Appeal from Circuit Court, Dale County; J. S. Williams, Judge.

Andrew Roberson was convicted of assault to rape, and he appeals. Reversed and remanded.

Charge 5, refused to defendant, is as follows:

"The court charges the jury that, although they believe from the evidence that the conduct of the defendant was highly improper, nevertheless, if they believe from the evidence that the defendant was incapable of having the sexual relation on account of his physical condition, then they cannot convict the defendant of an assault with intent to commit rape."

C. O. Stokes, of Ozark, for appellant.

Secondary evidence as to the contents of written instruments cannot be given, without first accounting for the loss or absence of such instruments. 1 Wharton, Cr. Evi. §§ 162, 375; 10 R. C. L. 974; State v. De Wolf, 8 Conn. 93, 20 Am. Dec. 90. There was error in the cross-examination of the witness Sol Mathews. Griffith v. State, 90 Ala. 589, 8 So. 812; Moulton v. State, 88 Ala. 116, 6 So. 758, 6 L.R.A. 301; Forman v. State, 190 Ala. 22, 67 So. 583; Morgan v. State, 88 Ala. 223, 6 So. 761. Charge 5 was correct, and should have been given. Nugent v. State. 18 Ala. 521; Reg. v. Waite, [1892] 2 Q. B. 600.

Harwell G. Davis, Atty. Gen., Thos. E. Knight, Jr., Asst. Atty. Gen., and Sollie Sollie, of Ozark, for the State.

It is not necessary to account for writings, where the same or the contents thereof are not determinative of the main issue, but merely collateral. Wall v. State, 2 Ala. App. 157, 56 So. 57; Hannegan v. State, 5 Ala. App. 142, 59 So. 376; Johnson v. State, 16 Ala. App. 453, 78 So. 716; Riley v. State, 209 Ala. 505, 96 So. 599; Foxworth v. Brown Bros., 120 Ala. 59, 24 So. 1; Winslow v. State, 76 Ala. 42; Peek v. State, 19 Ala. App. 370, 97 So. 374; Huskey v. State, 129 Ala. 94, 29 So. 838; Griffin v. State, 129 Ala. 92, 29 So. 783; Webb v. State, 138 Ala. 53, 34 So. 1011; Williams v. State, 4 Ala. App. 92, 58 So. 925; Moore v. State, 159 Ala. 97, 48 So. 688; Riley v. State, 209 Ala. 509, 96 So. 599; 10 R. C. L. 804; 14 Michie's Ala. Dig. 1148. It was not error to cross-examine the witness Mathews with reference to particular traits of the defendant. Balkum v. State, 115 Ala. 117, 22 So. 532, 67 Am. St. Rep. 19; Cauley v. State, 92 Ala. 71, 9 So. 456; Mitchell v. State, 14 Ala. App. 46, 70 So. 991. Impotency is no defense to a charge of assault with intent to rape. 22 R. C. L. 1192; Hunt v. State, 114 Ark. 239, 169 S.W. 773, L.R.A. 1915B, 131, Ann. Cas. 1916D, 533.


The party alleged to have been assaulted was a deaf mute about 19 years old, but she could read and write. When she came to defendant's store there was a conversation between her and defendant carried on in writing, she writing one side of the conversation and defendant writing the other. This conversation contained suggestions or an invitation that the girl should go into the rear part of defendant's store to look for some salmon, which she sought to buy. The alleged crime was consummated, if at all, in the rear part of defendant's storehouse behind the counter, and in continuation of the conversation above alluded to. Objection was made that the conversation, being in writing, was inadmissible without first accounting for the absence of the writing. The conversation being entirely in writing was as if the parties had conducted a correspondence by letter, and the admission of the contents of the writing should be and is governed by the same rules as that of letters and telegrams, etc. That the conversation was preliminary to and a part of the alleged crime can hardly be questioned. It was not alone the fact of a conversation, but the contents of the writing which was desired in evidence.

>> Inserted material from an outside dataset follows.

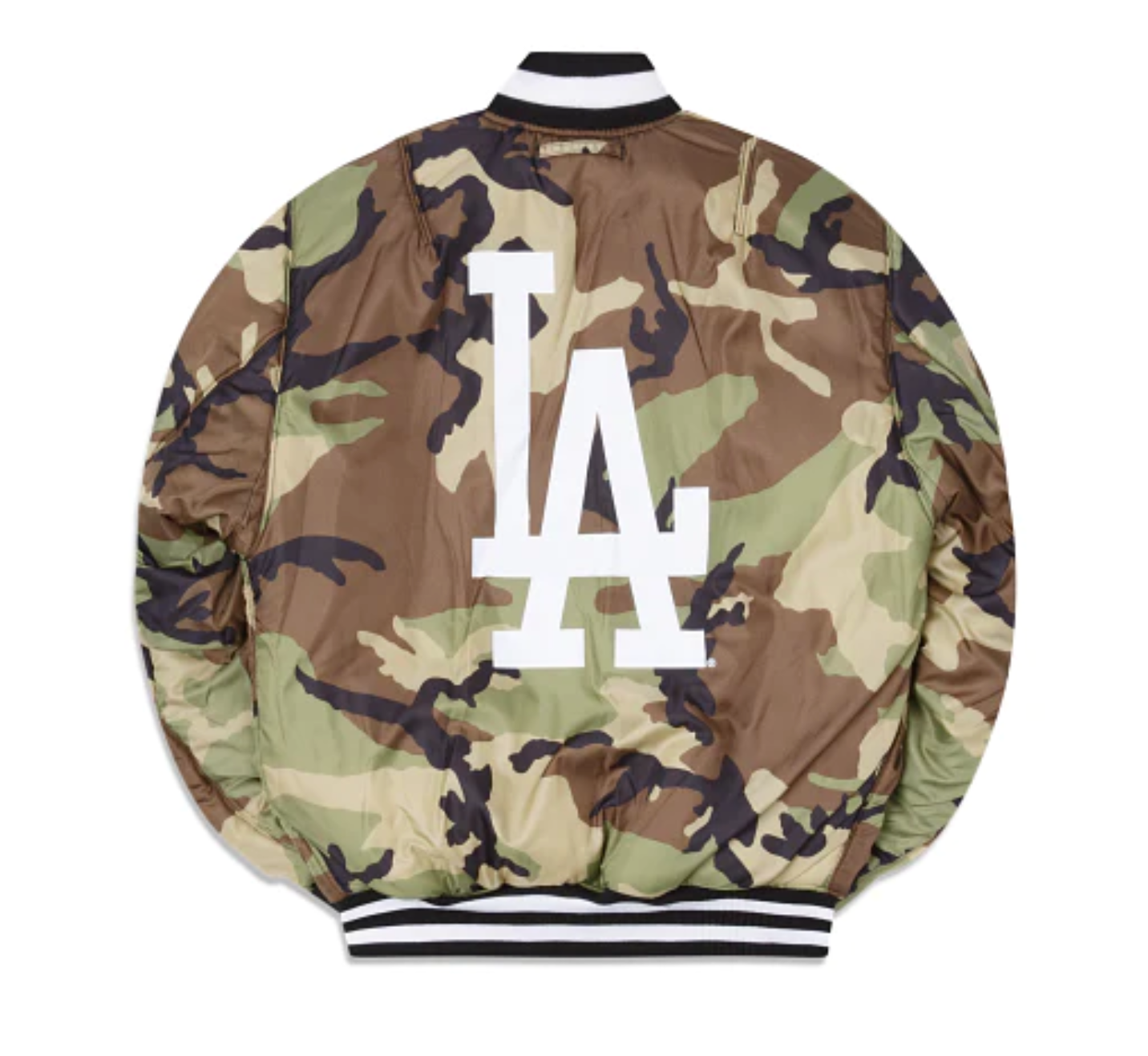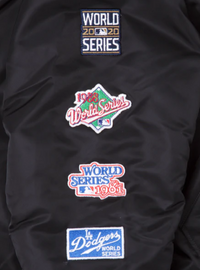 The Alpha Industries X Los Angeles Dodgers MA-1 Bomber Jacket features embroidered team patches throughout the chest and sleeves with an embroidered applique team wordmark at the rear. Additional details include a utility pocket with the Alpha Industries ribbon at the right-wear sleeve. The reversible jacket features a camo fabrication at the interior with a multi-lingual message at the left chest and a screen-printed team logo at the rear.

In Peek's Case, 19 Ala. App. 370, 97 So. 374, in admitting oral proof of a search warrant, the court said: "The existence of the search warrant, rather than its contents, was the matter desired." The general rule, says Mr. Greenleaf in his work on Evidence, volume 1, par. 89, is: Where a written instrument is only a collateral incident to the matter in issue and its existence, rather than its contents, is the matter desired to be proved, the rule which in general requires the production of the writing, as the best evidence of its contents, is not applicable. Allen v. State, 79 Ala. 34; Griffin v. State, 129 Ala. 92, 29 So. 783. In the instant case the conversation, which was in writing, was so closely related to the alleged crime as to be a part of the res gestæ, and the contents of the writing, rather than its existence, was the matter desired. The general rule is that in such cases secondary evidence will not be admitted without proof of the loss or destruction of the original. 1 Wharton, Crim. Ev. par. 162; Bell v. State, 156 Ala. 76, 47 So. 242. The foregoing, as it relates to written conversations by deaf mutes, is supported by the opinion in State v. De Wolf, 8 Conn. 93, 20 Am. Dec. 90, though the soundness of the rule when applied to written conversations by deaf mutes has been questioned by a note in Underhill Crim. Ev. (2d Ed.) par. 45, note 59. Upon the best authority we have been able to find, we hold that the written conversation between defendant and the girl alleged to have been assaulted was the best evidence of its contents, and secondary evidence was not admissible until the absence of the writing had been satisfactorily accounted for.

The defendant offered as a witness Sol Mathews, who testified to the good character of defendant. On cross-examination the witness was permitted to testify, over objection, exception, and motion to exclude, that since "this case has been on" he had heard of other times where the defendant had been too familiar with girls. A witness who has testified on direct examination to the good character of a defendant may be asked on cross-examination whether he had not heard of certain enumerated acts of defendant which would tend to show his character was not good and as tending to test the judgment of the witness on the question of character. Jones v. State, 76 Ala. 8. But such evidence must be confined to the time of, and prior to the commission of the offense for which the defendant is on trial. Carter v. State, 4 Ala. App. 72, 59 So. 222; Brown v. State, 46 Ala. 175.

The defendant requested the court in writing to instruct the jury that if they believed the evidence they could not find the defendant guilty of an assault with intent to ravish. The evidence on this question was in conflict, and the request for the charge was properly refused.

Charge 5 was properly refused. The evidence was not that the defendant was incapable of having sexual intercourse. There was some evidence that he was partially impotent, and at the time of the alleged crime this partial impotency was not overcome, but the charge is the assault with the intent, and if with the intent he assaulted the girl, whether he failed from impotency or other causes, he would be guilty. For the foregoing reasons charges 5, 18, 19, and 20 were properly refused.

Refused charges 13 and 20 single out and give undue emphasis to a part of the evidence which is not permissible and renders the charge bad.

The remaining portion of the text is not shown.